I hope I was clear in my definition and I hope you can be the same in
yours: because so far by reading your comments to P.S. section I
didn't get a slightest clue what "the feature detection" is for you.
Richard Cornford
2008-03-10 22:51:59 UTC
Permalink
Post by VK
Post by Richard Cornford
Post by VK
<the poetry reading before and after snippet>
Post by Richard Cornford
feature detection is the only strategy that takes a
reasoned/rational approach to the problem.

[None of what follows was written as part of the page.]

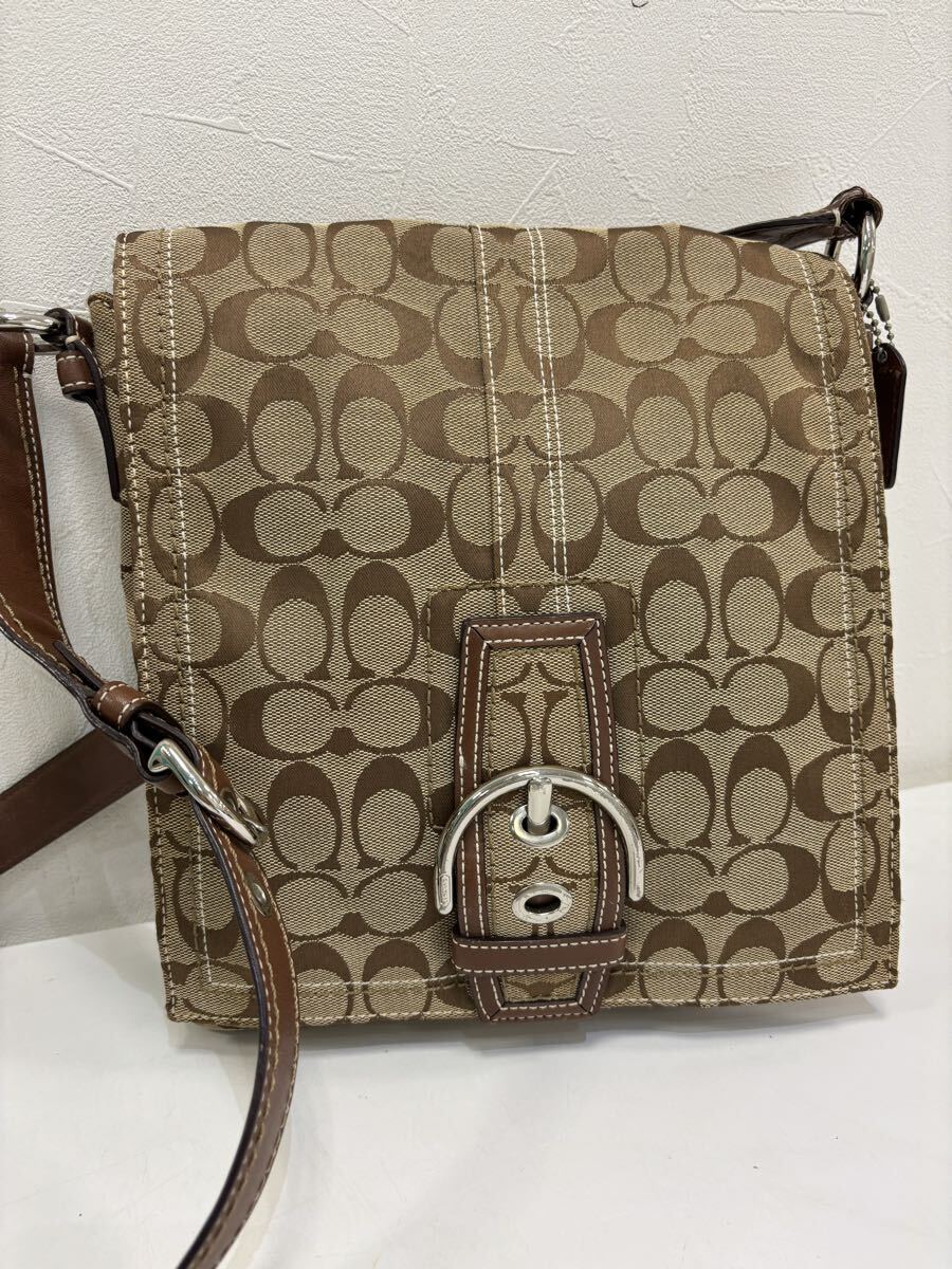 > COACH コーチ ショルダーバッグ シグネチャー 斜め掛け 総柄 レザー キャンバス ブラウン レディース

That is a false statement right here.
Judgements of what is or is not reasoned/ration are not
significant when they originate with someone who cannot
even do joined up logic.
The judgments should normally follow the analysis but do
not precede it.
We are long past the point of being absolutely certain that you cannot do
reasoning or logic, and your not being rational remains the most credible
explanation for the extent of those deficiencies.
Post by VK
Yet knowing your regular posting style in answering to me
You mean freely stating that you are the fool you demonstrate yourself to
be?
Post by VK
it does not surprise me - though it may surprise
outside readers.
Post by Richard Cornford
Post by VK
The feature detection _was_ a promising reliable strategy
several years ago, more exactly during the stagnation
period of 2000-2004,
As you do not (and never have) understood
what feature detection is it
would be better for you not to be pontificating
on the subject.
A hilarious statement
So even though you posted a series of statement that you asserted related to
feature detection but would have been 100% false if they were applied to
feature detection you are now disputing the conclusion that you have no
understanding even of what feature detection is?
Post by VK
taking into account that I got my first project money for
NN2 fallback / NN3 + IE3 solution and never really stopped
since then.
That is what you say, and keep repeating, but you are forgetting that we
have seen the code you write. We know (and it is a matter of public record)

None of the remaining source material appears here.